The summit gave cyclists an opportunity to talk directly to the mayor and other city officials about what can be done to make the streets safer and make Los Angeles a more bicycle-friendly city.
"We're going to have to change the culture - a culture where driver sometimes don't pay enough attention to or respect the rights and the right of way of cyclists," Villaraigosa said at the summit.
The mayor is still recovering from injuries he suffered in the July accident. Villaraigosa was riding his bicycle on Venice Boulevard when a parked cab abruptly pulled out across a bike lane, causing him to shatter an elbow.
The L.A. City Council has already put aside a little more than $3 million for bike improvements in 2010, said the mayor. Also, the city has put together a plan to build more than 1,600 miles of bike ways.
"We're setting a target of building about 40 miles a year, and at that rate, we'll build about 200 miles every five years," the mayor said.
Speakers representing cycle advocacy groups said bicycle lanes are key to safer roads.

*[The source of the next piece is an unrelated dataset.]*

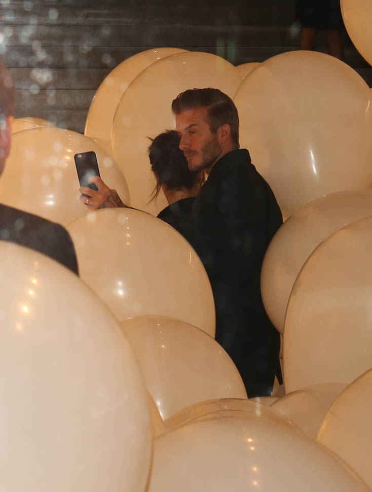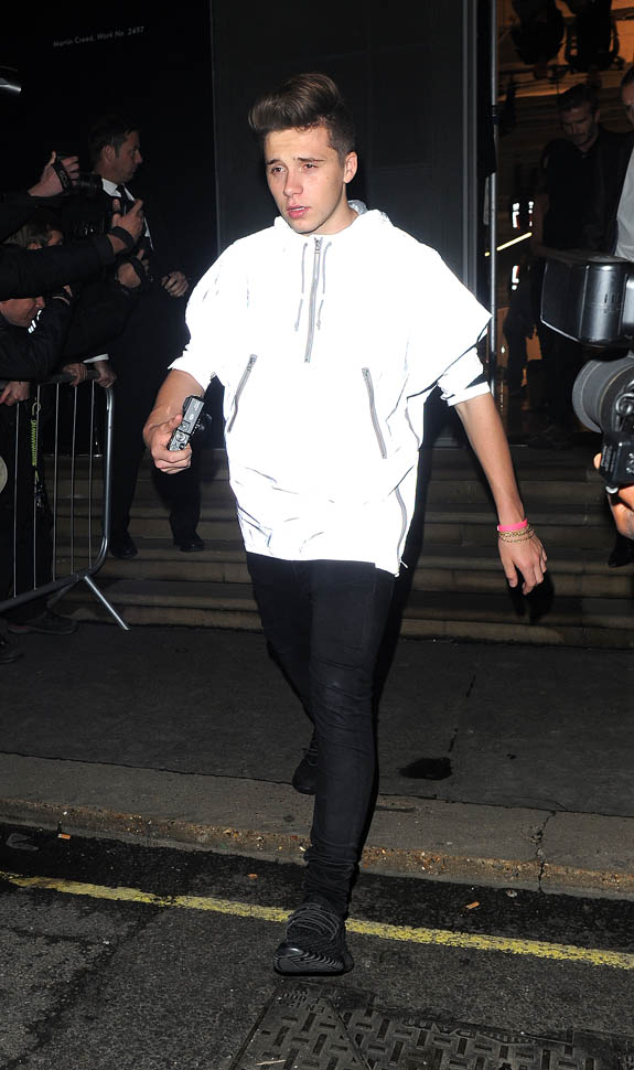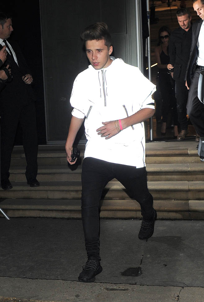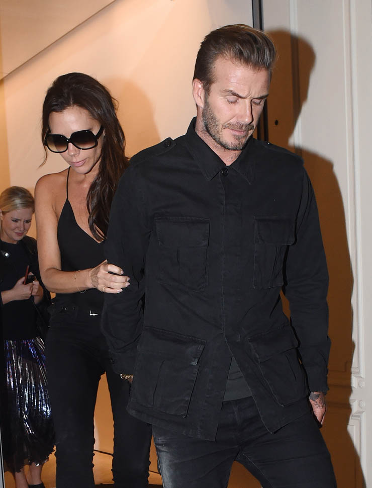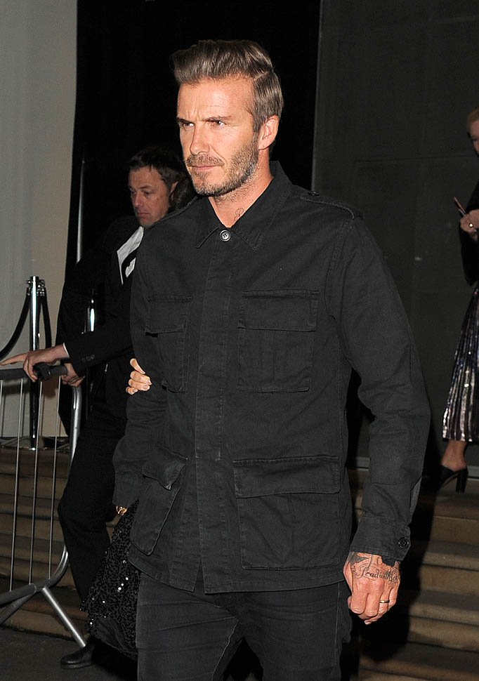 Victoria and David Beckham, along with son Brooklyn, attended a party last night to celebrate the one year anniversary of Victoria’s flagship store. I’m kinda into the fact that Posh didn’t overdress for this. Tank top, skinny pants, a sparkly jacket on the way in, no jacket on the way out.

"The city has prioritized cars for so many years, so I think if you start taking away space from the motor vehicles and start giving it to other modes of transportation like bicycling and pedestrians, that's going to start sending a message out to people that they can use alternative modes of transportation," said Aurisha Smolarski with the L.A. County Bicycle Coalition.
"I don't own a car, and I haven't owned a car for almost 20 years, and I bike and take the bus and take the rail, and it's actually been very safe," said bicyclist Joe Linton.
The mayor said that the city is planning a number of public service announcements to educate bike riders and drivers about sharing the roads.